WHAT IS NEEDED - The records beneath should be printed exactly, and the pictures are to be left out.
===
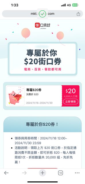 推 sh093655: 有領到,感謝分享220.228.152.197 11/19 12:36
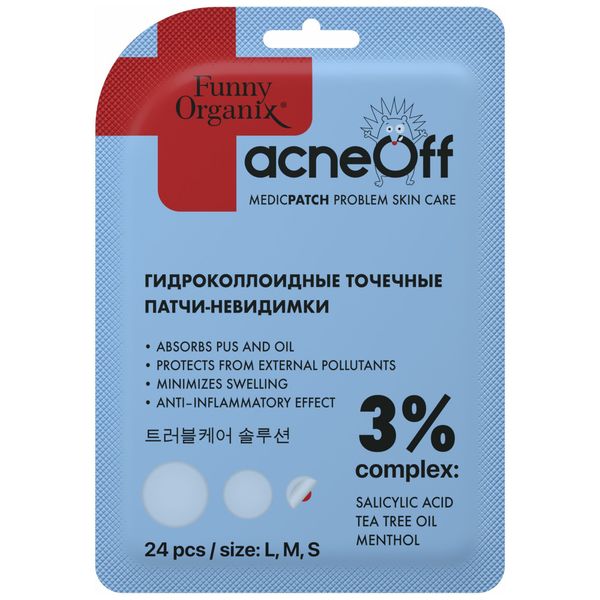 Патчи-невидимки точечные гидроколлоидные с салициловой кислотой и ментолом Funny Organix/Фанни Органикс
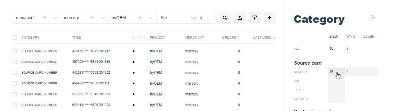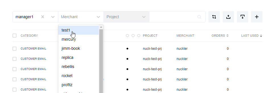 In order to select entries from list, specify manager and merchant/gate/processor for corresponding lists from dropdown menu.
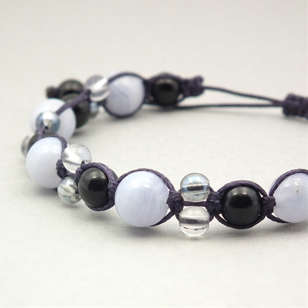 8ミリのブルーレースアゲートと6ミリのオニキスに、小粒なオーラクォーツと水晶を組み合わせた、編み込みブレスレットです。ブルーレースアゲートは、緊張を緩和し、リラックス状態に導く、オニキスは精神を安定させるといわれています。リラックスしたいと方にオススメです。
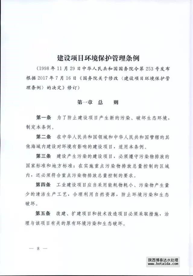 7月16日,國務院以國務院第682號令公布了《國務院關于修改〈建設項目環(huán)境保護管理條例〉的決定》,自2017年10月1日起施行。
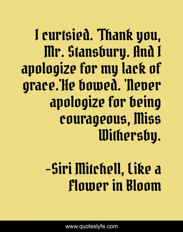"Siri Mitchell, Like a Flower in Bloom Quotes." Quoteslyfe.com, 2025. Sat. 06 Dec. 2025. <https://www.quoteslyfe.com/quote/I-curtsied-Thank-you-Mr-Stansbury-And-91575>.
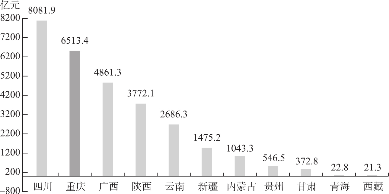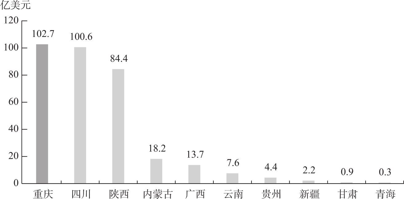 开放型经济发展成效显著。目前,重庆累计引进外商投资超过千亿美元,6000余家外商投资市场主体贡献了全市50%以上的进出口总额,已经成为重庆对外开放的“主力军”。截至2020年底,“世界500强”企业已落户296家,居西部第二位。2020年,实现货物进出口总额6513.4亿元,占西部地区货物进出口总额的22.2%,居西部第二位。其中,重庆对东盟、美国、欧盟三大贸易伙伴分别进出口1121.7亿元、1076.5亿元、1037.8亿元,占重庆总额比重分别为17.2%、16.53%、15.9%。2020年西部各省份进出口总额和实际利用外资额见图1-4、图1-5。
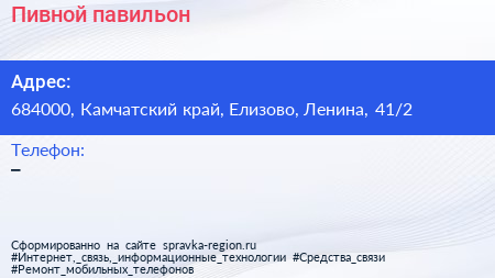 Пивной павильон по адресу 684000, Камчатский край, Елизово, Ленина, 41/2 в дальнейшем Организация, размещена в следующих категориях:
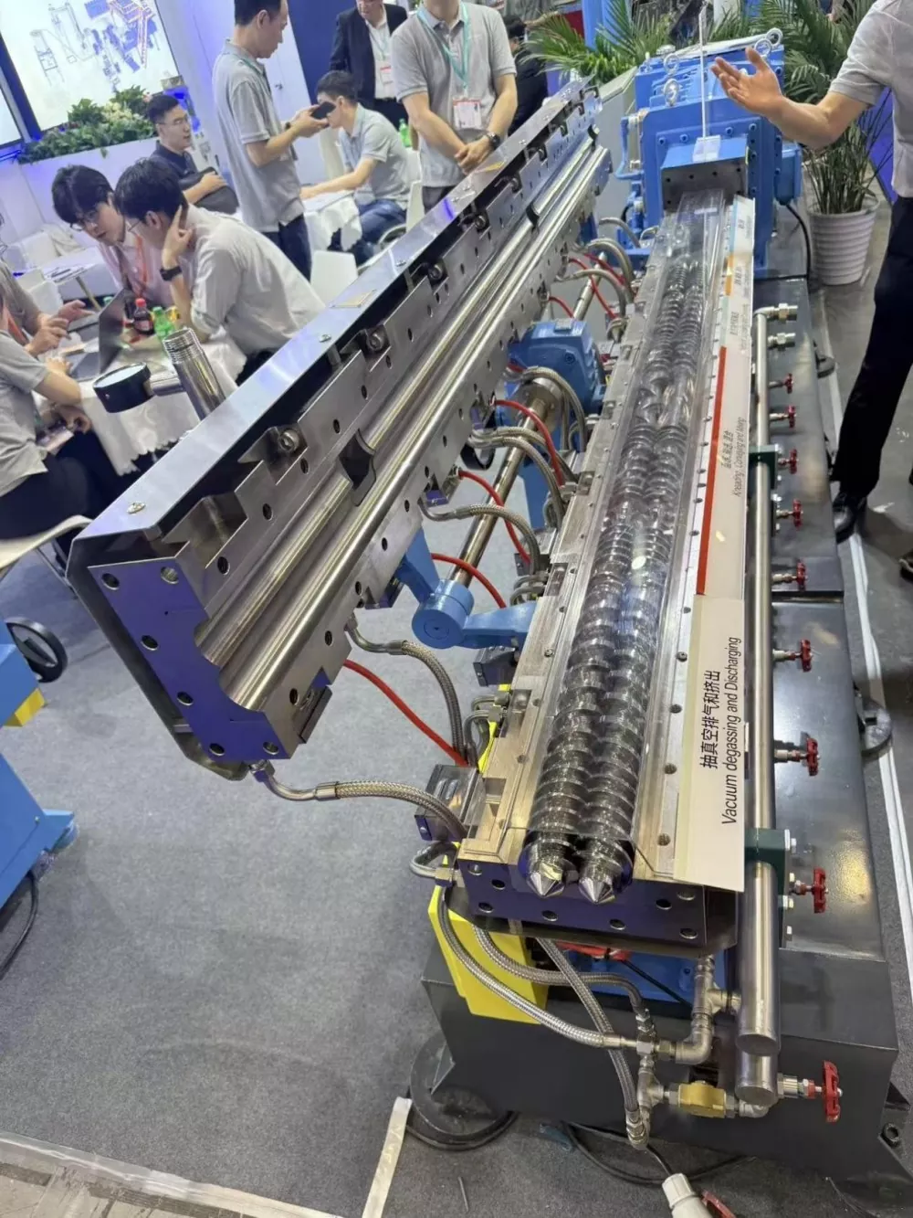 Dirixíndose ás especificidades do mercado de Asia Central, Nanhaiya tamén destacou as súas capacidades de servizo personalizado. Desde pequenos parafusos (Ø15 mm) ata grandes barriles (Ø940 mm), e desde equipos de extrusión estándar ata sistemas de parafusos especializados para PE, compostos madeira-plástico e PVC, a empresa ofrece unha gama completa de servizos, desde o deseño conceptual ata o equipamento completo da liña de produción, adaptado ás necesidades de produción dos clientes. Na exposición, Nanhaiya alcanzou acordos de cooperación preliminares con tres fabricantes locais de plásticos uzbecos. As dúas partes levarán a cabo discusións en profundidade sobre as actualizacións de parafusos e canóns para os seus equipos de produción.
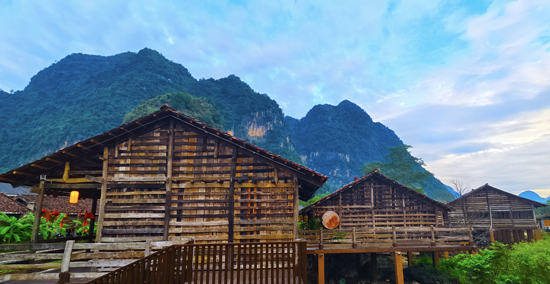 沿着蜿蜒曲折的石板路缓缓前行,路旁是错落有致且富有年代感的木板楼。它们依山而建,历经岁月的风雨洗礼,却依然坚固如初,质朴中透着一种岁月的沧桑。这些木板楼是壮族先民与自然和谐共处的智慧结晶,每一根木材都承载着岁月的痕迹,每一片瓦片都诉说着历史的记忆。我轻轻抚摸着斑驳的木板,仿佛能听到岁月的回声在耳边回荡,感受到先人们在这里辛勤劳作、生活的烟火气息。
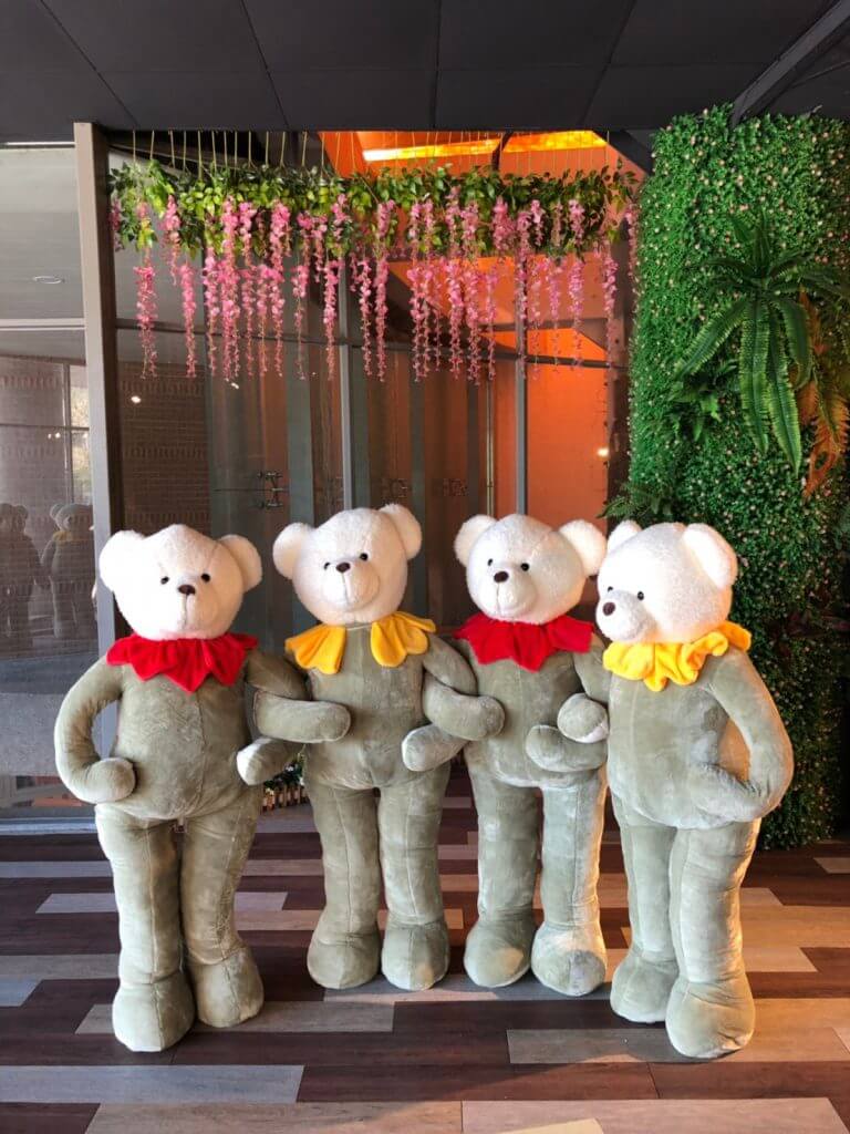 而最後,看到這四隻歡迎我們到來的小熊了嗎,有沒有發現它們哪裡不一樣,沒錯,他們和其他的小熊不同,竟然是露出牙齒的笑,看起來笑的特別的開心呢
===
EXPECTED OUTPUT -
 推 sh093655: 有領到,感謝分享220.228.152.197 11/19 12:36
 Патчи-невидимки точечные гидроколлоидные с салициловой кислотой и ментолом Funny Organix/Фанни Органикс
 In order to select entries from list, specify manager and merchant/gate/processor for corresponding lists from dropdown menu.
 8ミリのブルーレースアゲートと6ミリのオニキスに、小粒なオーラクォーツと水晶を組み合わせた、編み込みブレスレットです。ブルーレースアゲートは、緊張を緩和し、リラックス状態に導く、オニキスは精神を安定させるといわれています。リラックスしたいと方にオススメです。
 7月16日,國務院以國務院第682號令公布了《國務院關于修改〈建設項目環(huán)境保護管理條例〉的決定》,自2017年10月1日起施行。
"Siri Mitchell, Like a Flower in Bloom Quotes." Quoteslyfe.com, 2025. Sat. 06 Dec. 2025. <https://www.quoteslyfe.com/quote/I-curtsied-Thank-you-Mr-Stansbury-And-91575>.
 开放型经济发展成效显著。目前,重庆累计引进外商投资超过千亿美元,6000余家外商投资市场主体贡献了全市50%以上的进出口总额,已经成为重庆对外开放的“主力军”。截至2020年底,“世界500强”企业已落户296家,居西部第二位。2020年,实现货物进出口总额6513.4亿元,占西部地区货物进出口总额的22.2%,居西部第二位。其中,重庆对东盟、美国、欧盟三大贸易伙伴分别进出口1121.7亿元、1076.5亿元、1037.8亿元,占重庆总额比重分别为17.2%、16.53%、15.9%。2020年西部各省份进出口总额和实际利用外资额见图1-4、图1-5。
 Пивной павильон по адресу 684000, Камчатский край, Елизово, Ленина, 41/2 в дальнейшем Организация, размещена в следующих категориях:
 Dirixíndose ás especificidades do mercado de Asia Central, Nanhaiya tamén destacou as súas capacidades de servizo personalizado. Desde pequenos parafusos (Ø15 mm) ata grandes barriles (Ø940 mm), e desde equipos de extrusión estándar ata sistemas de parafusos especializados para PE, compostos madeira-plástico e PVC, a empresa ofrece unha gama completa de servizos, desde o deseño conceptual ata o equipamento completo da liña de produción, adaptado ás necesidades de produción dos clientes. Na exposición, Nanhaiya alcanzou acordos de cooperación preliminares con tres fabricantes locais de plásticos uzbecos. As dúas partes levarán a cabo discusións en profundidade sobre as actualizacións de parafusos e canóns para os seus equipos de produción.
 沿着蜿蜒曲折的石板路缓缓前行,路旁是错落有致且富有年代感的木板楼。它们依山而建,历经岁月的风雨洗礼,却依然坚固如初,质朴中透着一种岁月的沧桑。这些木板楼是壮族先民与自然和谐共处的智慧结晶,每一根木材都承载着岁月的痕迹,每一片瓦片都诉说着历史的记忆。我轻轻抚摸着斑驳的木板,仿佛能听到岁月的回声在耳边回荡,感受到先人们在这里辛勤劳作、生活的烟火气息。
 而最後,看到這四隻歡迎我們到來的小熊了嗎,有沒有發現它們哪裡不一樣,沒錯,他們和其他的小熊不同,竟然是露出牙齒的笑,看起來笑的特別的開心呢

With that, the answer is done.